Ventura 805HELP chosen as Nonprofit of the Year

805HELP has been selected as a 2019 California Nonprofit of the Year by Senator Hannah-Beth Jackson. 805HELP Founder Emily Barany traveled to Sacramento, joining 100 other California-based nonprofits also receiving this prestigious recognition, as part of California Nonprofits Day on June 5th.

Now in its fourth year, California Nonprofits Day was formally recognized by Assembly Concurrent Resolution 62, authored by the chair of the Assembly Select Committee on the Nonprofit Sector, Assemblywoman Monique Limón. The day is organized each year by Assemblymember Limón and CalNonprofits. “Nonprofits are often hidden in plain sight,” explains Jan Masaoka, CEO of the California Association of Nonprofits (CalNonprofits). “California Nonprofits Day is an opportunity for our elected officials to celebrate the good work they see nonprofits doing in their districts, and for everyone to appreciate the collective impact of nonprofits in our communities.”

“If you had asked me 18 months ago what I’d be doing today, I could not have guessed it would be starting a nonprofit,” commented Emily Barany, 805HELP founder and owner of VISIONALITY, a consulting firm helping nonprofits transform vision into reality. “Who could’ve imagined back then the rapid succession of the tragedies our communities would be facing? What keeps me going are the stories. Like Wiley, a Thomas Fire survivor who lost everything and simply needed a pair of shoes. Or, an eight-year-old girl with brain cancer who we flew on our all-volunteer airline over highway 101, closed due to mudslides, for a critical appointment with her cardiologist at Children’s Hospital in Los Angeles.”

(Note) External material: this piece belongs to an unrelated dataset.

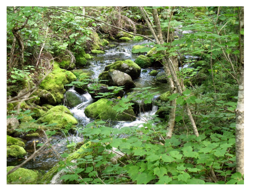
A stream flowing into Orbeton Stream

Barany continued, “Being recognized as Nonprofit of the Year by Senator Jackson is an honor and lets me know that what are on the right track. I really feel like what we’ve built here in our community is needed globally and I’m inspired to scale our support for the recovery of communities around the world.”

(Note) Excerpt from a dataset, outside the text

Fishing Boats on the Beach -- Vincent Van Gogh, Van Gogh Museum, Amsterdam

805HELP began as ThomasFireHelp in December 2017 rising from of the immediate and desperate needs of local citizens in the Ventura and Santa Barbara communities who were facing disasters of unprecedented scale and destruction. Within six months of the Thomas Fire and resulting Montecito Debris Flow, the community suffered another catastrophic blow from the Holiday Fire that broke out in Goleta in July 2018. Six months later in November 2018, the Woolsey Fire began in eastern Ventura County only one day after the tragic and senseless Thousand Oaks Borderline Mass Shooting where 12 lives were lost and countless others devastated. It became clear that ThomasFireHelp needed to expand its service of connecting resources and help with need and 805HELP was born.